» **THE DATA**
········

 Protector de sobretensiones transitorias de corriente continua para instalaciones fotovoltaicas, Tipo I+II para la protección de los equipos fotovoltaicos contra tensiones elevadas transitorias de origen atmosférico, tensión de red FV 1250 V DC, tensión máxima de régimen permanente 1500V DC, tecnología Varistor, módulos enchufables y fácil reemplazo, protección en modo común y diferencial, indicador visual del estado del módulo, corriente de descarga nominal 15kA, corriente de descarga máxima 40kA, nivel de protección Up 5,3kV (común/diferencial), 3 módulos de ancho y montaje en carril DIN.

········

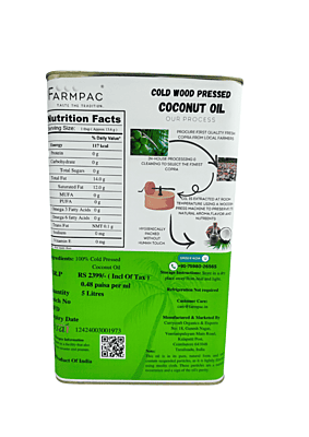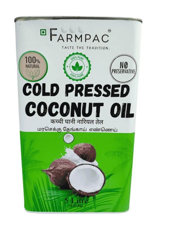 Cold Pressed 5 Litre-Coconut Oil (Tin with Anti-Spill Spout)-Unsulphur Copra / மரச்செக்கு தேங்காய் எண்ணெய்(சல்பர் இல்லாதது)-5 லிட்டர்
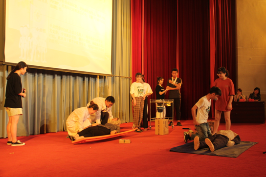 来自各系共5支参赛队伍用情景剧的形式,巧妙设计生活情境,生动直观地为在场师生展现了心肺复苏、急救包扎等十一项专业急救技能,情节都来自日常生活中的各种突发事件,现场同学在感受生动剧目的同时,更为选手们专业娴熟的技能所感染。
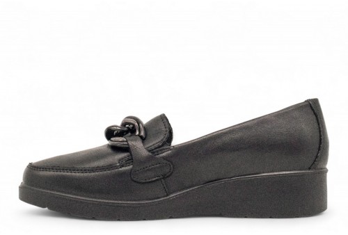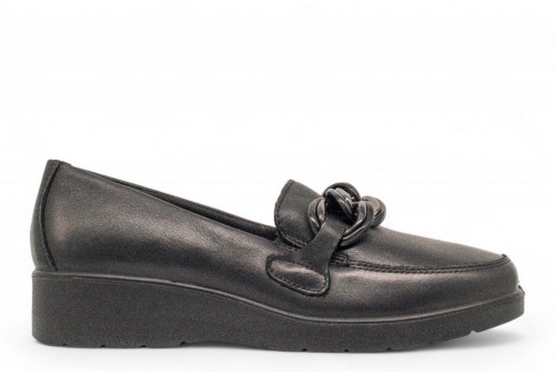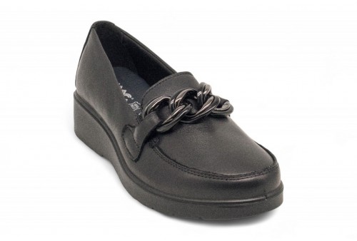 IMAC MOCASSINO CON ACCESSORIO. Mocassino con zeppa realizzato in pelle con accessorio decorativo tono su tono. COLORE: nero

········

» **WORK INSTRUCTIONS**
While skipping the pictures, transcribe the data above from the line showing "来自各系共5支参赛队伍用情景" through the line showing "IMAC MOCASSINO CON", exactly and with both ends.

» **RESPONSE BELOW**
 来自各系共5支参赛队伍用情景剧的形式,巧妙设计生活情境,生动直观地为在场师生展现了心肺复苏、急救包扎等十一项专业急救技能,情节都来自日常生活中的各种突发事件,现场同学在感受生动剧目的同时,更为选手们专业娴熟的技能所感染。
 IMAC MOCASSINO CON ACCESSORIO. Mocassino con zeppa realizzato in pelle con accessorio decorativo tono su tono. COLORE: nero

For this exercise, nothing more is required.